Court Opinion

ID: 5555464
Source: CourtListenerOpinion
Date Created: 2022-01-11 00:40:20.266183+00
Date Added: 2024-06-11T08:35:18.817013
License: Public Domain

*McCAY, J.
1. Very clearly the offense of obstructing legal process is not an offense against the property or person, nor is it punishable only by fine or imprisonment. It must come within this category to be capable of being settled by the prosecutor and the defendant: Revised Code, 4609, 4610. The very essence of this offense is its insult to the majesty of law. The man who executes the process is, it is true, an individual, but the wrong that is done is the injury to public justice. oThis was not, therefore, such a case as could be settled. Nor was the paper handed by the Solicitor General to the Clerk an entry of nolle prosequi. Such a proceeding is to be coram judice. It must go on the minutes of the Court, and must transpire, at least, with the cognizance of the Court. The minutes are the record of the acts of the Court, and no entry can be made thereon, except with his consent. This the Solicitor General did not ask. The nol. pros, was not, therefore, a complete act, when the *512Court appointed a Solicitor General, pro tem. Nor is it, in our judgment, within the power of the Solicitor General to nol. pros, an indictment at his option without the approbation of the Court.
By the Act of 1870 it is expressly provided to the contrary. But even before that Act, although we are aware it has often been done, we know of no authority for it. The State is the party, and the Solicitor General only the agent to carry on the proceeding. He has not, and ought not to have unlimited power of prosecution, and great evils may result and have resulted from placing such a power in the hands of one man, whose acts are not done openly and with reasons publicly declared.
Both indictments and presentments are the solemn acts of the Grand Jury, on evidence sworn before them, and it ought not to be in the power of the Solicitor General, without consultation with the Court, to nol. pros, them without a trial. Such has never been the practice, as we learn from some of our oldest practioners, in most of the circuits. It is due to the public, and to the Grand Jury, that such action shall be *with the consent of the Court. The Code, section 415, permits him to do this on terms prescribed by law. It Is not, therefore, an authority dependent upon his own will. If the case be not one permitted by law to be settled, he ought not to a nol. oros, it at all, unless there be good reasons for it. And he should state them in open Court to the Judge, and act under his advice and direction, that he and the country and the accused may know why the charge has been abandoned.

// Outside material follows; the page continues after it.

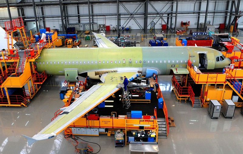 由中航西飞总装的首对空客A320机翼被装配在机身上。3月16日,由中国航空工业集团公司下属西安飞机工业集团有限责任公司完成总装的首对空客A320机翼在空客天津总装厂成功实现与机身对接。机翼质量及制造水平获得了用户的肯定。 (新华社发)
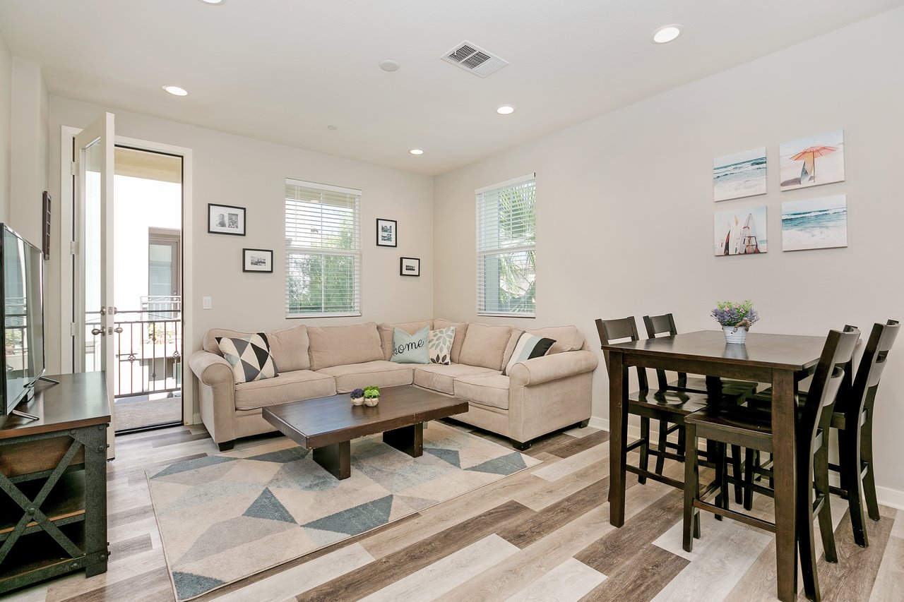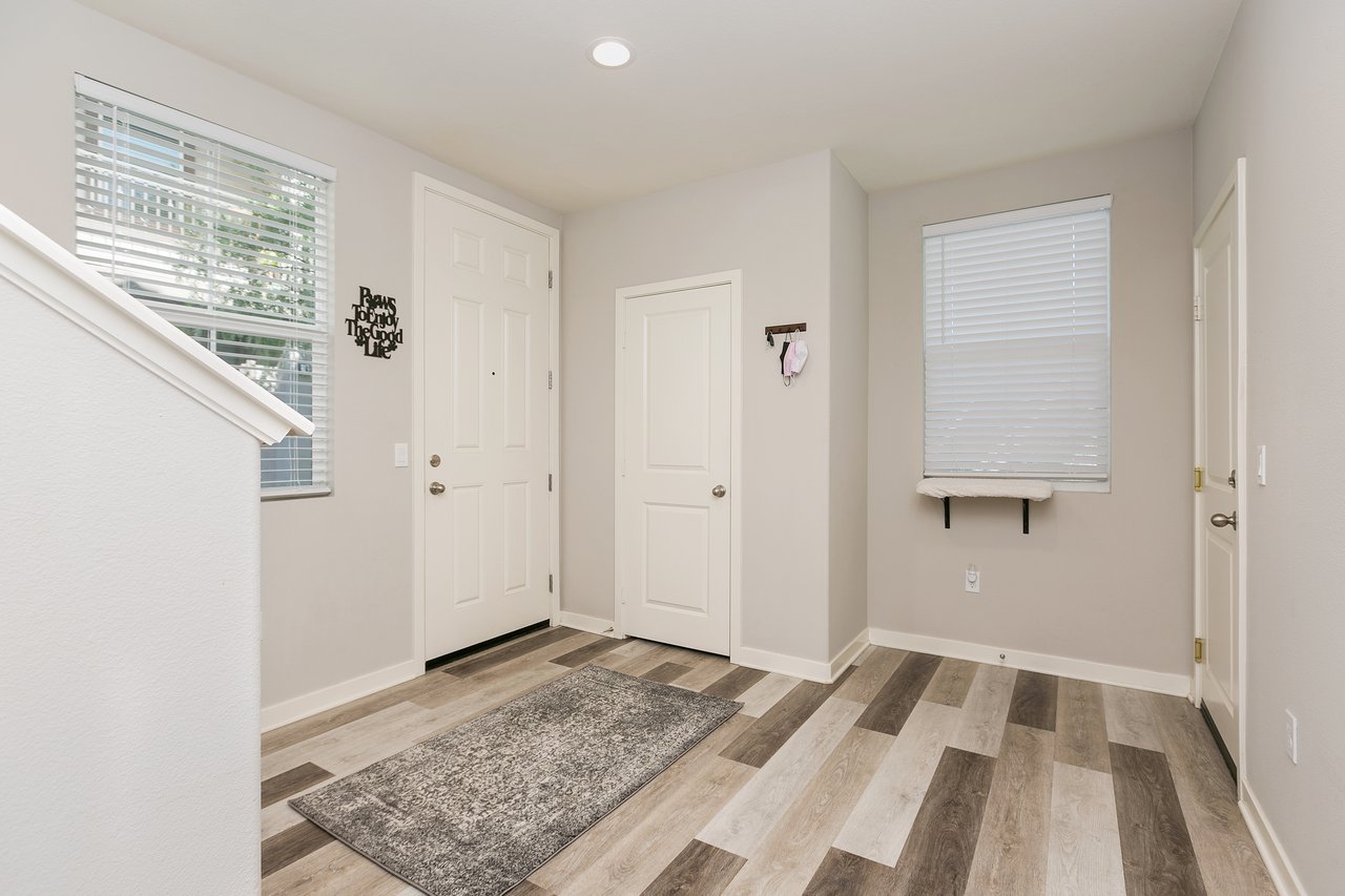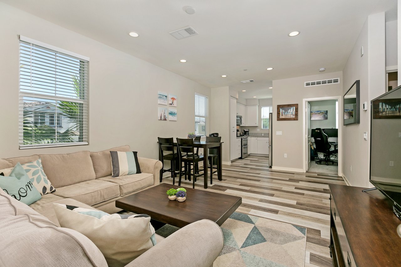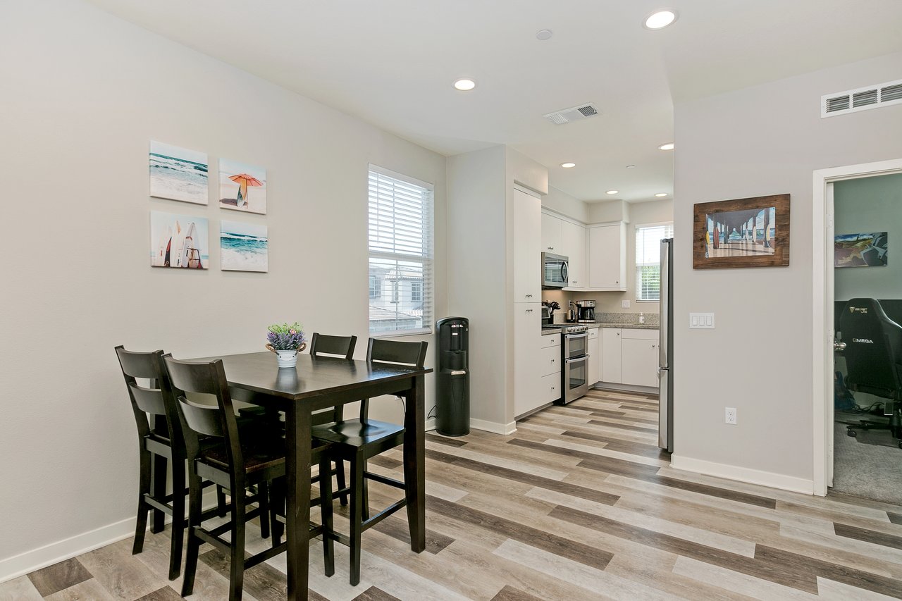 Nearly new home built by Beazer in 2018. Located just 5 miles to the beach, the Mission Lane Community has beautiful parks and amenities for a low HOA and NO Mello Roos. This end unit includes a 2 car direct access garage, AC and energy efficient upgrades. Attractive neutral tones including custom paint, luxury vinyl plank floors in main living areas and Level 4 carpet upstairs, added recessed lighting throughout and LED under-mount lighting in kitchen, brushed nickel hardware and granite counters.

2. Section 419 of the Code authorizes the Judge, if the Solicitor General is absent, indisposed or disqualified from interest or relationship to engage in a prosecution, to appoint “a competent attorney of the circuit” in his place. Necessarily such an appointment, based as it is upon facts of which it is the Judge’s duty to inform himself, must be the result of his sound judgment upon the facts. The law casts the duty upon him, and this Court will not interfere with that duty, unless his discretion be abused. Indeed, we are not sure that his act in appointing a Solicitor General is the subject matter of review In this Court, on an exception by a suitor. When the appointment is made he is an officer de facto for any official purpose, and his acts are legal, even if there be some error in the appointment. The same thing may be said of the other branch of this exception. At most the non-residence of Mr. Goode in the circuit, is a disqualification, and by section 120 of the Code, it is assumed, as a general rule, that the acts of such an officer are good. But we think as Mr. Goode was a practicing lawyer of the circuit, the spirit of the law was complied with.
3. We think the charge of the Court, that the prisoner was guilty if he resisted by argument, was too strong. It can *513hardly be said, fairly, to be resisting or opposing an officer to argue with him, unless that argument becomes violent so as to amount to something calculated to force the officer to desist.
But we will not, for this error, disturb the verdict. The evidence of violence was conclusive, and the charge of the Judge upon this point was immaterial. It could not have *misled the. jury, as the evidence was very strong of absolute force. This offense is one which the Courts, ought to be sure to punish when it is, in fact, committed. The individual who is in possession of the office may excuse it, but the violated majesty of the law, which has no friends, which does not forgive, and which looks to general principles and to public policy, demands that offenses of this character shall meet their proper reward.